Sortable is defined by any object that supports the less-than operator via a special dunder method aka magic method. We'll see how to implement this magic method on a custom class in the next step.

### Check for Understanding
1. What are the three types of Callables in Python?
2. What does the `reverse` parameter do in both Sort and Sorted?
3. What makes an object Sortable?

## 3. Sorting Un-sortable Class Objects
For this example we will sort a list of random Monsters. Each Monster has these fields: Level and Name, both fields are randomly generated. For this example we'll use a Lambda Callable for our `key` parameter, but it works the same way as if it was a function. The Callable may take a Sortable or Un-sortable object as input and returns a Sortable object as output. The sort procedure then uses this new Sortable object to do the sorting and produce the final order.

### See `code/monster_sort.py` for the code

### Check for Understanding
1. Is it possible to sort a list of un-sortable class objects without altering the class definition?
2. Is it possible to lexicographically sort a list on more than two fields?
3. True or False: If you have a list of un-sortable objects you must use the Sort method and not the Sorted function to sort those objects.

## 4. Sortable Custom Class
To make a custom class Sortable all we need to do is implement the "less-than" dunder method.
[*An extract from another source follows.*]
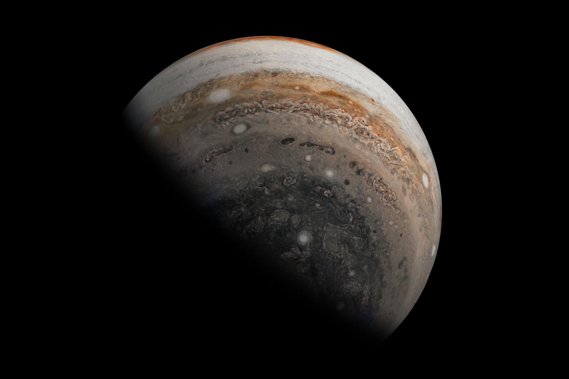 Juste après son survol de Jupiter, la sonde Juno de la NASA a capturé cette vue saisissante de l'hémisphère sud de Jupiter alors que la sonde s'éloignait de la planète géante. Cette image capture des cyclones massifs près du pôle sud de Jupiter, ainsi que les nuages chaotiques de la région filamentaire plissée, la zone turbulente entre la bande orange et la région polaire brunâtre.

This method should take one input (typically another object like the one being defined) and return a boolean that indicates if this one is less than the other one. This works with polymorphic hierarchies of classes not just exact matches.

*Talk a bit about Polymorphism if there are folks in the audience that need a refresher. You should also mention the many other magic methods that Python has to offer, and encourage them to dig deeper - designing magic methods is a valuable skill. You can also hint at an upcoming DS Workshop called Algebraic Data Types where we deep dive on why and how magic methods can be particularly useful for modeling mathematical data objects. One such object type that everyone should be familiar with is Python's `int` type. Explain how writing a Sortable Class is halfway to creating an Algebraic Data Type.*

### See `code/sortable_type.py` for the code

### Check for Understanding
1. How can we alter a custom class to make its instance objects Sortable.
2. Is it possible to sort a list containing more than one type?
3. What is the hallmark of an Algebraic Data Type?



---



---



---



---



---



---



# Check For Understanding - Answers

### 1. CFU Answers
1. Sort and Sorted will both sort a list. They both support the `key` parameter. Both are built into Python and don't have dependencies. Both are faster than what we could write ourselves due to their low level implementation in C.
2. Sort is a method on the List object, where Sorted is a free function. Sort is destructive and Sorted is not. Sort can only be used on Lists, but Sorted can be used on any Iterable. The Sorted function generally uses more memory than the Sort method due to the fact that Sorted makes a copy of the data.
3. No, "destructive" does not mean items might be removed. It simply refers to rearranging the items in the list. Nothing is deleted - but in the end, it's not exactly the same list.

### 2. CFU Answers
1. Function, Method, Lambda
2. The `reverse` parameter, when set to True, reverses the order of a sort procedure in a more efficient way than reversing the order after running the sort procedure. This is only partially true due to Python's awesome handling of iterators. But that's a story for another time!
3. A Sortable object implements the "less-than" operator: `def __lt__(self, other) -> bool`. This means that the builtin `<` operator will work as it does with numbers or strings.

### 3. CFU Answers
1. Yes. One way is to define the `key` parameter with either of the sort procedures.
2. Yes. There is no hard limit to the number of fields used.
3. False. Both Sort and Sorted have the ability to support the `key` parameter.

### 4. CFU Answers
1. You can define the "less-than" magic method on the custom class. This method takes another object like this one as input and must return a boolean to indicate if this one should come first (True) or not (False).
2. Yes, but the objects must be polymorphic, and it should seem logical and feel natural to do this sorting. Just because we can, doesn't mean we should.
3. An object that supports Python's builtin mathematical operators such as +, -, *, /, //, % etc.

# ***Intro.py***

In [None]:
""" Fancy Sort
Method: List.sort() - Modifies the list (Destructive)
Function: sorted(List) - Returns a new sorted list (Non-destructive)
"""

arr_1 = [2, 9, 1, 8, 3, 7, 4, 6, 5]
arr_1.sort()
print(f"Same list with new order: {arr_1=}")
# The equals sign after the variable name will change the way it prints
# It adds the variable name to the printout: `arr_1=[1, 2, 3, 4, 5, 6, 7, 8, 9]`

arr_2 = [2, 9, 1, 8, 3, 7, 4, 6, 5]
arr_3 = sorted(arr_2)
print(f"Original list with old order: {arr_2=}")
print(f"New list with new order: {arr_3=}")

# ***Monster_Sort.py***

In [None]:
from random import randint, choice


class Monster:
    monster_names = (
        "Goblin",
        "Troll",
        "Ogre",
        "Giant",
        "Vampire",
        "Dragon",
    )

    def __init__(self):
        self.name = choice(self.monster_names)
        self.level = randint(1, 10)

    def __repr__(self):
        return f"Monster({self.name}, {self.level})"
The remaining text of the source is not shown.